Proceedings of TDWG, 2008

The Significance of Observations to Biodiversity Studies.

Steve Kelling

Abstract


As the types of data included in biodiversity clearinghouses expands outside of the traditional realm of natural history collections opportunities and challenges arise. More data provides a greater opportunity for synthetic analysis across broad spatial and temporal landscapes, but since these data are collected in different ways more care is required in how data are repurposed.
The bird monitoring community classifies species occurrence data by protocol, project design, and data analysis opportunities and this approach may be more broadly applicable. Protocols are an essential part of species occurrence data because they define the context in which the data were collected, and facilitate the combination of observations made by multiple participants in many locations. Protocols directly influence project design and analysis, which can be classified into 3 general categories:
Directed surveys used when a priori knowledge of a given system or biological mechanism already exists. The design attempts to control for known sources of variation, while sampling one or a few well defined variables. As such, directed surveys are the form of observational data collection that closest resembles experimental studies.

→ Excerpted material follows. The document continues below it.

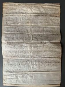 REGIONALISME - GERS Acte de vente sur parchemin, Sarrant, 8 septembre 1614. 1 p. gd in-folio (28x40 cm). Peyronne de Clanenx, veuve de feu Jean Castaing et Jean Castaing, tailleur, mère et fils habitant de la ville de Sarrant, vendent à autre Jean Castaing une pièce de pré et plusieurs pièces de terre labourable assises en la juridiction dudit Sarrant, moyennant le prix de 283 livres tournois.

Broad-scale surveys generate probabilistic estimates of species occurrence. They do not provide direct evidence, but allow inferences for the causes of species occurrence. Broad-scale surveys gather tens of millions of observations annually and provide the bulk of non-specimen observational data available.
Biological collections are zoological, botanical, and paleontological specimens in museums, living collections in botanical or zoological gardens, or microbial strain and tissue collections. They are the foundation for taxonomic and historic occurrence of species. While most use of specimen collections has been for taxon-oriented research, they have been used for predictive modeling of species occurrence.

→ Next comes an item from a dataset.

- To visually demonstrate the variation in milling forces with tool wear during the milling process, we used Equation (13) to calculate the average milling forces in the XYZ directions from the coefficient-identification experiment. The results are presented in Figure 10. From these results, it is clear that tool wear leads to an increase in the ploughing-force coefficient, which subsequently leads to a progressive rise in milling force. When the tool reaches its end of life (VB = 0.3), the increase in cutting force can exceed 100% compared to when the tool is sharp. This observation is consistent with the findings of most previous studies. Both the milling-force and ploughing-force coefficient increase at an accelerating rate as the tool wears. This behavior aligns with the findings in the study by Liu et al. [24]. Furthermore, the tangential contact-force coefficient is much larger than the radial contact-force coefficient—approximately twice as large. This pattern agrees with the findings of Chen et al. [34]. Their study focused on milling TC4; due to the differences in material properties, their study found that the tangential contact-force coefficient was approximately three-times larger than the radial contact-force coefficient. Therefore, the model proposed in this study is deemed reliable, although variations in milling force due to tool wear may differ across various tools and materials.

Each category of species occurrence data has their issues. Directed surveys are expensive and conducted on small spatial and temporal scales. Broad scale surveys often gather data opportunistically, rely on volunteer participation, and use protocols that are less stringent. Biological collections often provide presence-only data with significant and often undocumented sampling biases.

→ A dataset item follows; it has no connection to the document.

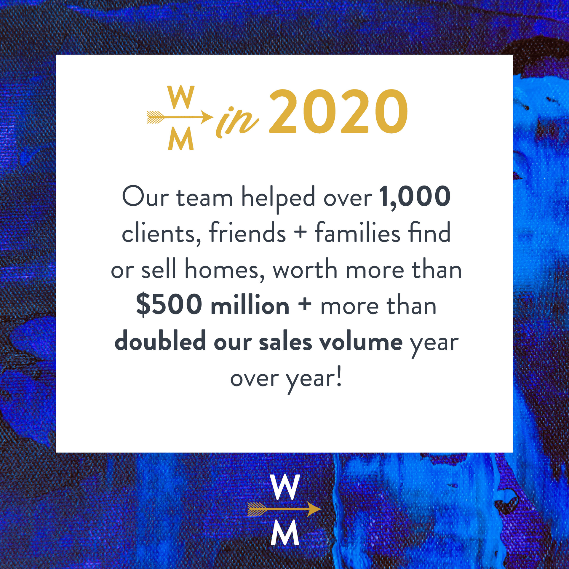 We could go on and on, but the bottom line is...we are so grateful. Grateful for every agent that represents West + Main Homes. Grateful for every client who hires, refers, and trusts our team. And grateful for every challenge, opportunity, and moment that has led us to our 4th year - 2021.

While important inroads have been made in organizing broad scale surveys and biological collection data via standardized schemas, few directed surveys have been added to data clearinghouses. They represent a huge untapped biodiversity data resource, but integrating them with broad scale surveys or biological collections will require increased information provided at the individual record level. For example, the explanatory factors needed to understand the processes (i.e. protocol design and sampling plan) used to collect the data must be included. Consequently, individual data records will need to include both biologically-relevant factors that affect organisms' distribution and abundance as well as information on the factors that impact the data collection process. With sufficient additional record-level data, potential sources of bias may be investigated and be accounted, thus increasing the significance of the analysis or visualization process.